よく誦じ、よく言うこと鸚鵡(おうむ)もよく為す。言って行ぜずんば、なんぞ猩猩(しょうじょう)に異ならん。

 弘法大師『秘蔵宝鑰巻中』 

 善いこと立派なことを言っておきながら、実際には行いが伴っていない得手勝手な人がいます。それならば言葉の意味がわからないオウムや猩猩となんら変わりはないでしょう。

 人は言葉で意思を伝えることができます。電話等の通信機を用いれば顔を合わさず話しをすることも可能です。しかし「顔が見えない」ということを巧みに利用して、甘い言葉で誘惑したり、弱みに付け込んだりする犯罪が後を絶ちません。

 また最近では、「作りたてを本日中にお召し上がり下さい」と謳いながら、余った商品を実は製造年月日や賞味期限を改竄して再利用するという残念な事件がありました。

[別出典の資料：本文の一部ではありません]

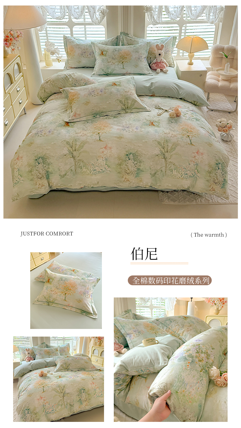 当前位置: 91家纺网 > 商品网购 > 床品套件 > 四件套 > 全棉普通四件套 > 巧玲珑 2025新款100%数码印花生态AB版四件套 伯尼

 どれだけ綺麗ごとを並べても、そこに中身が伴っていなければ信用がなくなります。それほどまでに、人というのは行いでもって自らを表さなければなりません。

 常に自らの言動・行動を省みて、過ちがあればそれを正し、人として正しく生きていくことが、信用という無形の財産を蓄え育て上げることにつながる、ということを教えてくれます。

 信用とは仏性そのものなのです。(S・F)

※ 猩猩(しょうじょう)・・・中国で、想像上の怪獣。人に似て体は狗の如く、声は小児の如く、毛は長く朱紅色で、面貌人に類し、よく人語を解し、酒を好む。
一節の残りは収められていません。